Data records Block Start
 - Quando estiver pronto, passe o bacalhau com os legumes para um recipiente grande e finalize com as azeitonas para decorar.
Data records Block End
Data records Block Start
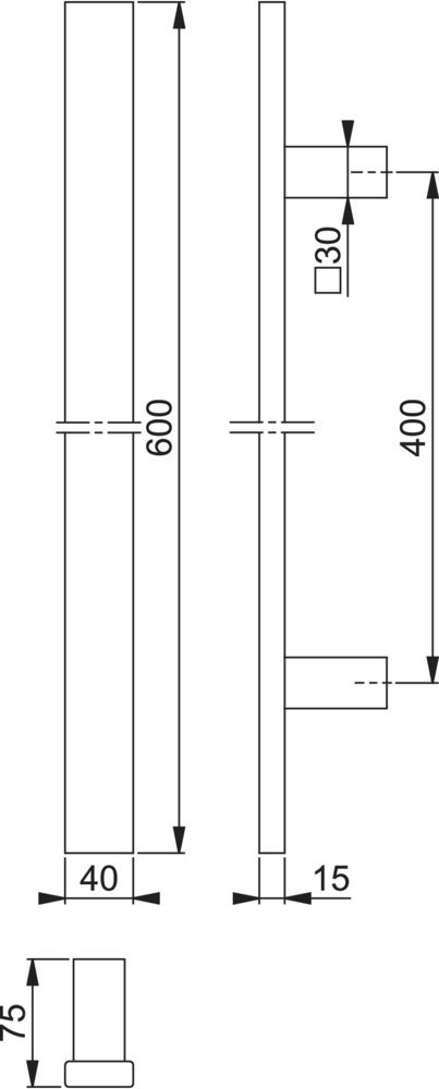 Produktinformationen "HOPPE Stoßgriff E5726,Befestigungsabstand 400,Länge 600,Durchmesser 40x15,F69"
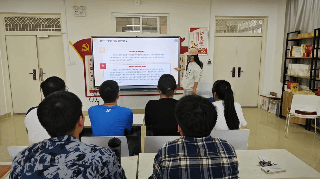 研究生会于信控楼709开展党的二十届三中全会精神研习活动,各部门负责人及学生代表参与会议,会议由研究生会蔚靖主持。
Data records Block End
Data records Block Start
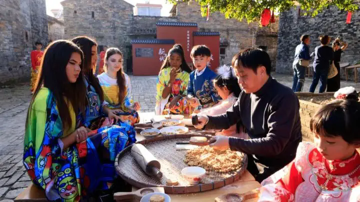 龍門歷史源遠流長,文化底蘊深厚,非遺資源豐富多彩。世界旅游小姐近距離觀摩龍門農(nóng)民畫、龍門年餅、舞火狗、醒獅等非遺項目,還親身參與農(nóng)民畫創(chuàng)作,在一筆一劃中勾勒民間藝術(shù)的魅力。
Data records Block End
* _Exercise description_
In the listing above, the required lines run from the line with "Stoßgriff E5726,Befestigungsabstand 400,Länge" through the line with "研究生会于信控楼709开展党". Output exactly those lines, omitting pictures.

* _Response_
 Produktinformationen "HOPPE Stoßgriff E5726,Befestigungsabstand 400,Länge 600,Durchmesser 40x15,F69"
 研究生会于信控楼709开展党的二十届三中全会精神研习活动,各部门负责人及学生代表参与会议,会议由研究生会蔚靖主持。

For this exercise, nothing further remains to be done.